The reparations proposal raises several legal issues. First, is Brazil really the right defendant? Maybe Portugal is the better defendant? Coffee and sugarcane were the main cash crops during slavery in Brazil, and most of those profits went to Portugal. Certainly the Brazilian economy as a whole expanded under slavery, but it seems that Portugal benefited more than Brazil.
The other interesting issue is whether reparations, if paid, would foreclose other race conscious remedies under some sort of res judicada/ claim preclusion theory. I don’t know if this concept exists in Brazilian Law, but if so, it might be worth thinking carefully about how such a lawsuit was brought.
This also raises the issue of whether reparations theories could be used in conjunction with affirmative action proposals (either to bolster the affirmative action claims or to advocate for the continued need for affirmative action after reparations are paid, as a rebuttal to the claim preclusion concern above). Reparations tend to be a stronger rationale for affirmative action than promoting diversity or creating equal representation. Diversity as a rationale is suboptimal on the grounds that it construes Affirmative Action as a benefit (that can be taken away at the majority’s will), rather than a right. Equal representation is vulnerable on the grounds that groups may not have the same preferences. For example, White Brazilians may not choose to enroll in (admittedly imaginary) hip-hop schools at the same rate as Black Brazilians, so requiring equal representation might not make sense.
Some Black Brazilian activists have opposed reparations on the grounds that no dollar value can approximate the harm done by slavery. This is true, but it seems like civil law approximates harm all of the time, and we live with those approximations. And since the authors of slavery are mostly dead and cannot be criminally prosecuted, civil courts (either in Brazil or Portugal), seem like the most appropriate legal venue. I say that the authors of Brazilian slavery are mostly dead, because forced labor persists in parts of Brazil, so any judgement against the Brazilian State could affect civil claims against Employers who continue to engage in slavery-like practices (see http://www.alertnet.org/thenews/newsdesk/N16153239.htm).

On Wednesday, we visited the first and only Afro-Brazilian university in the country, Faculdade Zumbi Dos Palmates. Our visited is recounted on the school’s website here. We first met with administrators and then had a chance to meet with a large group of law students at the university.
The university admins seemed quite in tuned to the longevity of the university. They are very focused on achieving independence from the Ministry of Education in the next few years. In addition, they are committed to the success of the students. They provide supplementary classes for those students who feel they need to pay additional attention to a given subject. In addition, the university is studying ways to ensure that once their students graduate, they will actually become employed.
Our meeting with the students was great because we saw that for many of them the question of affirmative action and better educational and occupational outcomes are at the forefront of their concerns. The very first question was how we think affirmative action has functioned in our own institutions. They were curious about some of the arguments put forth by opponents of affirmative actions. And towards the end of the conversation, we focused more on the question of mobilization. One gentlemen reflected on the energy of the Civil Rights Moment in the United States in the 1960s and asked how we could recreate that energy here in Brazil. We talked about the nature of blackness in Brazil and the fact that it seems to be negotiable and that indeed many people opted to negotiate. We noted that the law requiring that schools teach about Afro-Brazilian history was a step. Palmares is a step. A change in the depictions of blacks in the media would be a step. More politicians that see racial injustice as an issue would be a step. But ultimately, there must be a push from the people.

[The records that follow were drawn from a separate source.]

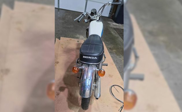 As you can see, the taillight is missing, so the next owner will have to hit up eBay and other sources for a replacement. They say it has newer tires, and also a newer gas tank, side covers, and seat. It also comes with an electronic ignition that isn’t installed. It needs a new petcock for the gas tank, but that shouldn’t be too hard to find online. The big glitch may be a missing number on the VIN, according to the seller who tried to register it, but the DMV balked at the number. The seller has owned this one for two decades, and it’s been parked in their garage for the last decade, according to the listing.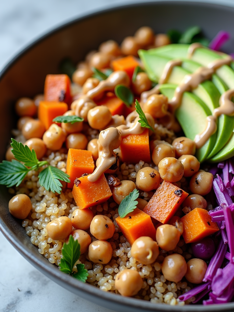 a close-up, ultra-realistic photograph perfect for a cookbook captures a colorful Buddha bowl with quinoa, roasted sweet potatoes, chickpeas, avocado slices, shredded red cabbage, and a tahini drizzle.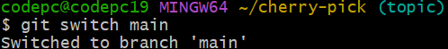 7. 먼저 main 브랜치로 전환 후 topic의 t2 버전만 병합합니다. cherry-pick 명령 다음 t2에 해당하는 커밋 해시 알림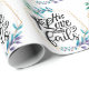 Hans Kärlek Misslyckas aldrig "Wrapping Papper", den här kristna designen har en vacker andedräkt av blått blommigt och texten "Hans Kärlek Misslyckas aldrig".
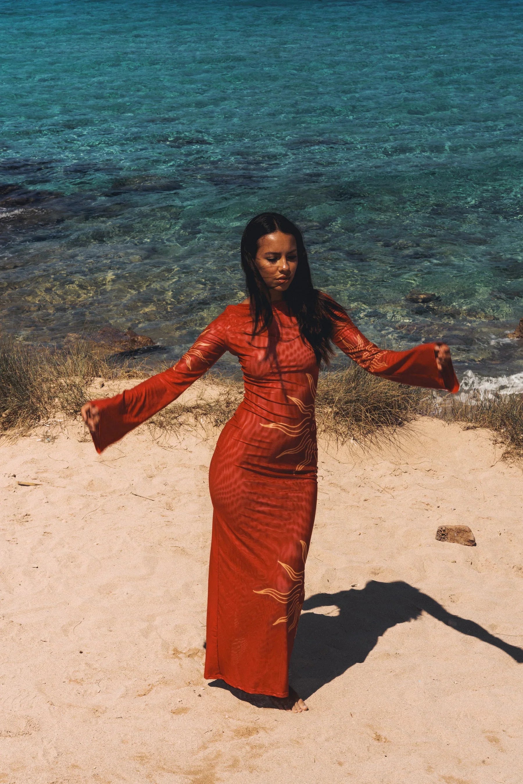 Featuring a a bold open back with tie fastening and luxury gold charm details, flared sleeve and in our signature mermaid maxi shape all perfectly completed with our Celeste print on the color of the season.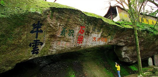 处,主要分列于石梁、高阳洞和云阁崖3处。石梁长达十数丈,凌空横悬,喻为“半云”、“悬虹”,刻有题记20处;高阳洞有摩崖石刻15处,多为宋人遗迹。云阁崖有石刻12处,其中“灵崇”二字,书法遒劲,相传为东晋葛洪所书,有北宋大书画家米芾题写的“南明山”三字。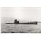 Carte postale avec un sous-marin. Le sous-marin est en mer avec des montagnes en arrière-plan. Le texte sur la carte postale indique "SOUS-MARIN MARSOUIN" et "MARIUS BAR. PHOT. TOULON REPRODUCTION INTERDITE".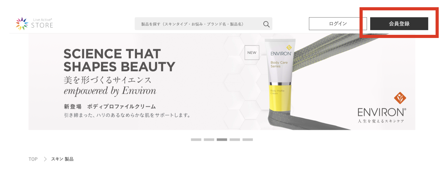 1、エンビロンの公式サイト【Live Active】にアクセスし、会員登録をクリック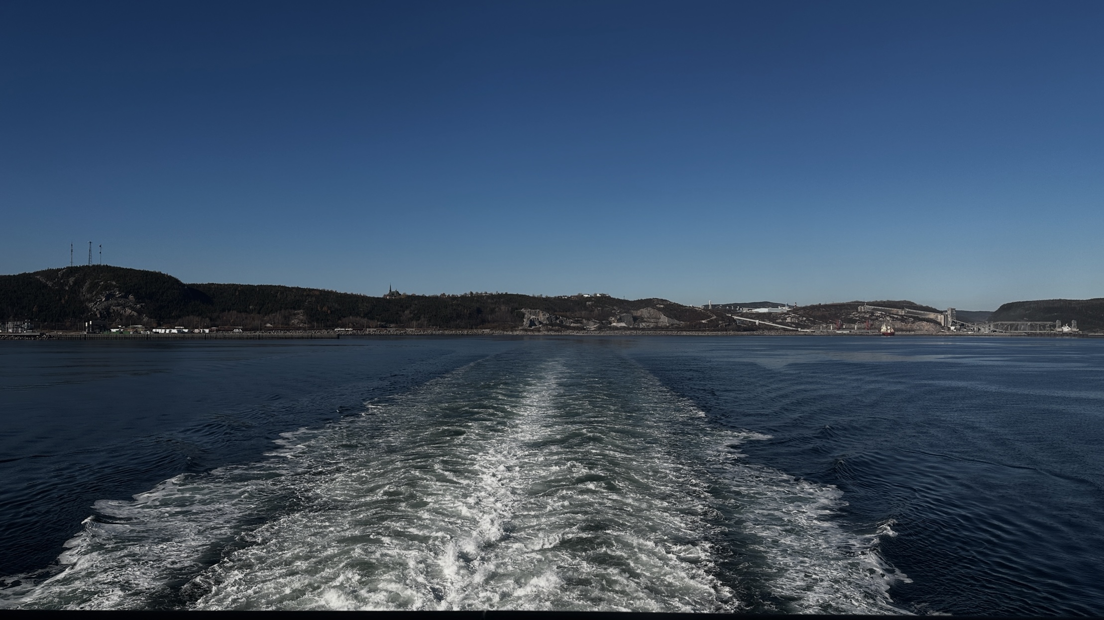 Irgendwie hatte ich das Gefühl, dass sie die immergleichen Wagen hin und her bewegten. Aber offenbar verluden sie diese in eine Eisenbahnfähre. Interessant, diese riesigen Aluminiumblöcke. In Baie-Comeau gibt es ein grosses Aluminium-Elektrolysewerk, das die Energie von grossen Wasserkraftwerken der Nachbarschaft bezieht.

While in Salvador, we met with the group, Olodum (http://olodum.uol.com.br/). They are probably most famous in the United States for their performance in the Michael Jackson video, “They Don’t Really Care About Us.” Olodum is a cultural organization that draws from African traditions, culture, and history in seeking justice. Traditions like Samba and Kandomble to create an environment where Afro-descendents can identify as black and engage as a political and social energy.

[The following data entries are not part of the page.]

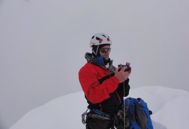 Hans holte einige Steine von einem tiefer gelegenen Gratstück. Es schneite leicht. Dichte Wolken verhinderten eine Rundumsicht und so entschlossen wir uns, nach kurzer Rast und einigen Fotoaufnahmen, wieder abzusteigen.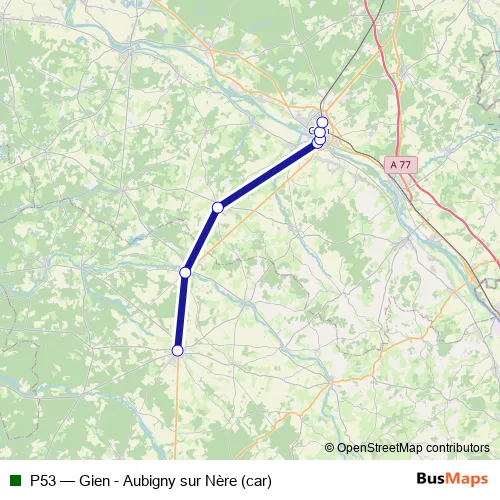 The first stop of the P53 bus route is Aubigny-sur-Nère and the last stop is Gien. P53 (Gien - Aubigny sur Nère (car)) is operational during todos los días.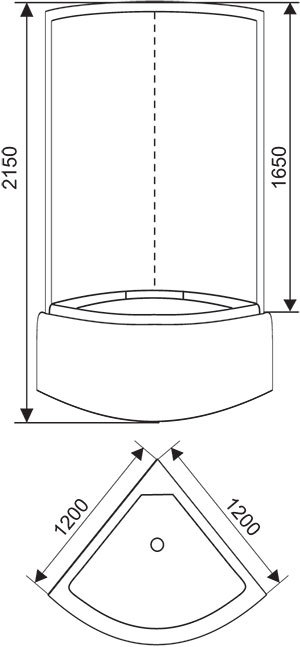 Оснащение Поддон, полки, душевая лейка, радио, свет, вентилятор

(Ayanna London, João Jorge, Kimberlé Crenshaw, Lincoln Ellis, Dania Lopez, and Jamelia Morgan at Olodum)
One of the problems is that knowledge about African traditions is not very well known or encouraged. I think Olodum is right on point in recognizing the empowering nature of this knowledge. Suppressing that knowledge and miseducation has been a too for oppression for too long. Embracing and drawing from this rich heritage is key.

(Kimberlé Crenshaw, Oscar Vilhena Vieira, Julia Mello Neiva)
One of the premier human rights organizations in Brazil, Conectas, is buzzing with the energy that shapes lasting reform. On Tuesday, we met with one of the founding directors, Oscar, and today we met with the second founding director, Julia along with five other members. Their two main umbrella programs are Global South and Justice Program. More on the programs can be found at http://www.conectas.org/index.php?idioma=en.

One of the areas of their work that was particularly interesting to me is their work to remedy human rights violation in the Espíritu Santo prison system. Conectas has been working with Justiça Global and the Espírito Santo State Human Rights Council to produce reports on these rampant violations. Particularly striking is the several Espírito Santo have been killed and dismembered over the last three years. In addition, groups of pre-trial detainees were kept in metal containers where the temperature could reach 122 degrees Fahrenheit (55 degrees Celsius). A side-event on this issue was held in Geneva on March 15th. It serves to put these issues in the international spotlight. Hopefully, the Brazilian federal government will respond to international pressures to instill better conditions and accountability mechanisms in Espíritu Santo’s prison system. However, Conectas is not resting or relying on the international community for change. They continue to develop litigation strategies and exert pressure on internal Brazilian government. Recently, the Superior High Court of Justice ruled that the men being held in metal containers were to be released.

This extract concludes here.